Feature columnist and Seoul-based Asian football expert John Duerden assesses the Asian Champions League semi-final first leg in South Korea.
“Three hundred minutes,” said one fan clad in the red-and-black of FC Seoul after the 0-0 draw with Western Sydney Wanderers FC on Wednesday. “That's three hundred minutes of no goals in the Asian Champions League.”
Then, came the gesture familiar to anyone who has spent time in Korea. The gentle banging of the fist on the chest, a slight shake of the head and the word “dapdaphada.”
Frustrating - that's what it was. To be precise, it is 382 minutes since the K-League team scored in Asia but precise and the 2014 version of Seoul don't belong in the same sentence as 36 crosses, 17 shots yet just five on target demonstrate.
Despite being in a number of good positions in the game, the Koreans never really looked like they were going to score. “Our players don't move and have no confidence in the penalty area,” said the fan.
At least she never mentioned the double D word. But plenty do and the name of Dejan Damjanovic, the K-League's top striker over the previous six years or so, is a common one on the back of shirts.
It must have been on the minds of many early in the game when Sergio Escudero, an honest, hard-working striker, broke free after a Wanderers defensive mix up only to shoot wide from the edge of the area.
It could well have been different if Dejan, who headed to China in December, was there.
That chance got the fans excited though there weren't many such moments and there weren't many fans. There was one Asian Champions League semi-final first leg played this week with around 60,000 fans packed into a beautiful stadium with a card section and atmosphere to die for.
Unfortunately, that took place in Tuesday evening in Riyadh in the clash between Al Hilal and Al Ain. In Seoul, the Suhoshin, the main supporters group behind the home goal, did their best but the atmosphere for the visit of Wanderers wasn't quite as intimidating.
The poor turnout was expected. Korean fans are ambivalent to the delights of the Asian Champions League despite, or perhaps because of, the fact that their country is by far the most successful on the continental club scene.
Not only that, the game was overshadowed. On the same evening, the national team were beating Saudi Arabia to book a place in the knockout stage of the Asian Games just down the road in Incheon.
The women were also in action against India. At the same time, the U16 team, led by new national football hero Lee Seung-woo, was thrashing Syria 7-0 in the semi-final of that competition.
To be honest, those who got their football fix elsewhere won't regret missing this. It was a sloppy affair. The two teams parted with the ball much easier than the touts outside the stadium got rid of tickets to those headed to the massive supermarket or cinema that are part of Seoul World Cup Stadium.
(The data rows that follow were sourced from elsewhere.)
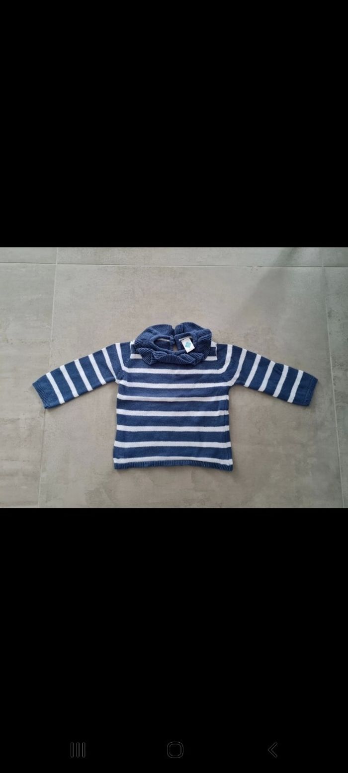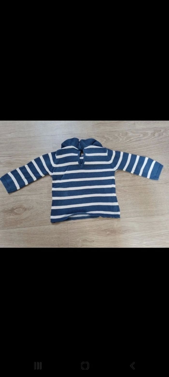 Pull style marinière bleu rayé blanc marque Tex. Col volanté, petit bouton et ouverture goutte d'eau au dos. Taille 6 mois. Excellent état, comme neuf. Tous mes articles sont lavés avant la vente
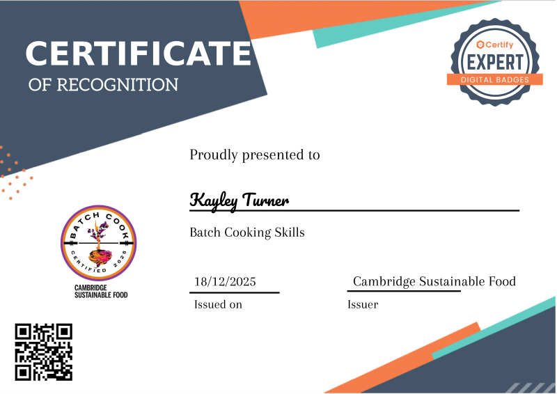 Awarded to participants who attended at least three community-based Batch Cook Club sessions in Cambridge run by Cambridge Sustainable Food CIC. This badge recognises skills in batch cooking, planning healthy meals on a budget, reducing food waste, and working collaboratively in a community kitchen environment.
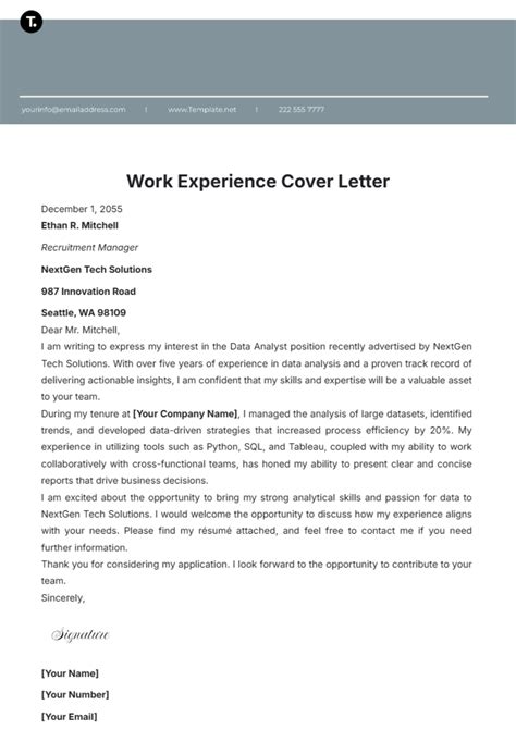Plus, a great cover letter that matches your resume will give you an advantage over other candidates. As the work experience letter is a professional document, you should always write it on the company letterhead. To attached my resume for your convenience.
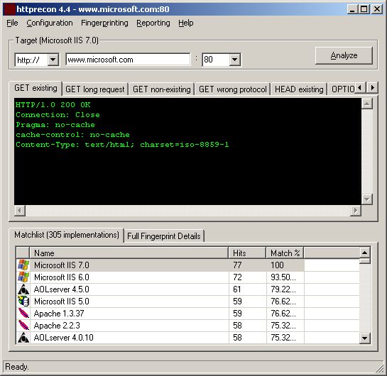 This increases the amount of fingerprints to distinguish the given implementation. Thus, the accuracy of the fingerprinting series is very high. Theoretically httprecon 1.x is able to generate approx. 198 fingerprint atoms per full scan run (usually between 80 and 120 are given). More details and a documentation is available on the project web site.
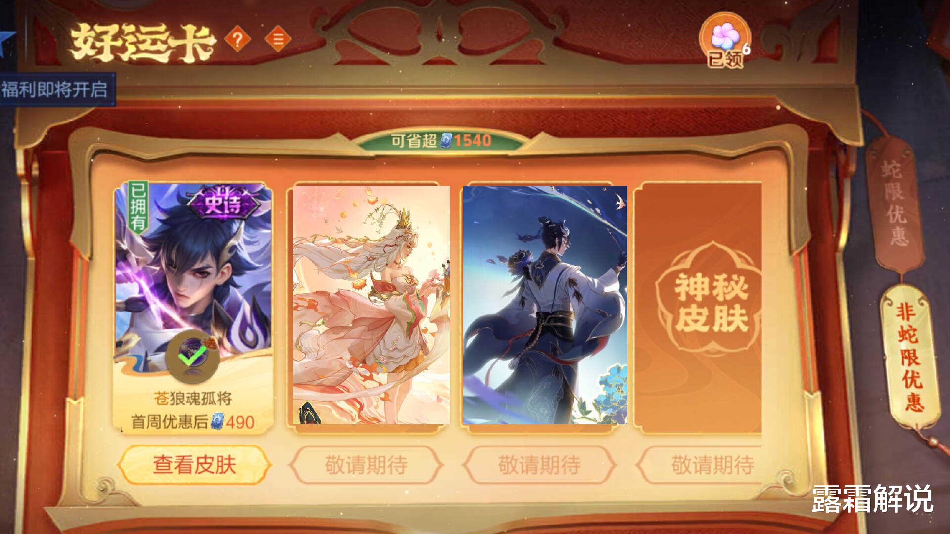 西施和狄仁杰的两款皮肤,都会加入好运卡的优惠中,之前开通了好运卡的玩家,购买这两款皮肤起码可以节省好几百点券。

Apart from Vitor Saba, there was little guile near goals and both teams worked better without the ball than with. Although Seoul had some joy down the left, getting behind Kwabena Appiah on a number of occasions, the final ball was poor.
Australian goalkeepers have a good reputation in Korea which Ante Covic did nothing to damage and add that to a resolute defence and Seoul's striking malaise then a goalless draw was not a surprise.
The reaction at the final whistle was telling. The Australians, who tired in the final 20 minutes, were happy, the host, who enjoyed a sustained period of pressure, less so.
Yet Seoul may be downhearted but is not out. Despite their goal-scoring problems, the team has already won in Australia this year and are tight enough at the back to know that one away goal may well be enough.
There is a feeling that a more attacking Wanderers will suit Seoul, though once again, sooner or later, this team is going to have to score.
“We can score anywhere we go and are a team that has enough experience to get the right result,” said Seoul coach Choi Yong-soo after the game.
“We had the chances to score but couldn't take them. It was frustrating.”